As part of California’s Administrative Procedure Act (APA), executive branch agencies that promulgate regulations are required to conduct an economic impact analysis. What is that analysis and how have the courts interpreted agency actions to comply with this statutory mandate?
Under existing law, all regulations are required to have an analysis of the potential economic impact of a regulation. Specifically, pursuant to Government Code Section 11346.3, a state entity proposing to adopt, amend, or repeal any regulation must assess the potential for adverse economic impact on California business enterprises and individuals.
These rulemaking entities must also avoid the imposition of unnecessary or unreasonable regulations or reporting, record keeping, or compliance requirements. Unfortunately, this short analysis is done by completing the Economic Impact Statement, which is a 5-page, fill-in-the-blanks form, which is probably sufficient for most regulations.
The state entity, prior to submitting its proposed regulatory action to the Office of Administrative Law to begin the formal rulemaking process (i.e., part of the “initial statement of reasons”), must consider the proposal’s impact on business, with consideration of industries affected including the ability of California businesses to compete with businesses in other states. The state entity must even consider information supplied by interested parties.
What does this economic assessment include?

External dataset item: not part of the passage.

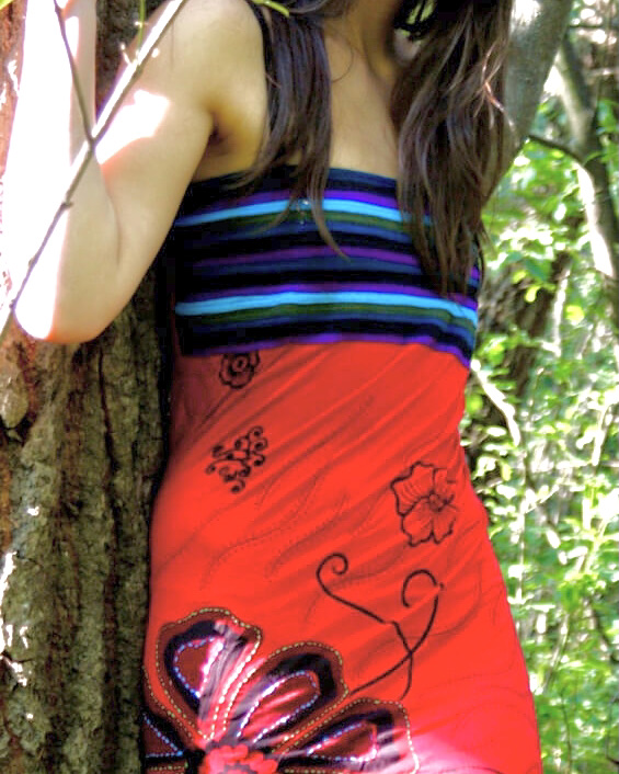 Längeres Sommerkleid (über Knie) mit verstellbaren Trägern und Blumendruck

The state entity must assess whether and to what extent it will affect the following:
- The creation or elimination of jobs within the state.
- The creation of new businesses or the elimination of existing businesses within the state.
- The expansion of businesses currently doing business within the state.
- The benefits of the regulation to the health and welfare of California residents, worker safety, and the state’s environment.
Under the APA, an economic impact assessment of a proposed regulation has three phases: first, the agency makes an initial, provisional determination of whether the proposed rule will have a significant adverse economic impact on businesses; second, during the public comment period, affected parties may comment on the agency’s initial determination and supply additional information relevant to the issue; and, third, when the agency issues its final decision and statement of reasons, it must respond to the public comments and either change its proposal in response to the comments or explain why it has not. Western States Petroleum Association v. Board of Equalization (2013) 57 Cal. 4th 401
Under the economic impact assessment requirement of the APA, a rulemaking agency making an initial disclosure must include facts, evidence, documents, or testimony relief on to support an initial determination that the action will not have a significant adverse economic impact on business. John R. Lawson Rock & Oil Inc. v. State Air Resources Board (2018) 20 Cal.App. 5th 77
The APA broadly requires consideration of significant, statewide adverse economic impacts directly affecting business and the APA likewise requires an analysis of several factors that are broadly drafted in a manner which does not suggest solely inter-state impacts. An agency is not permitted under the statutory scheme to ignore evidence of impacts to specific segments of businesses already doing business in California from benefits to other in-state businesses when proceeding under the APA.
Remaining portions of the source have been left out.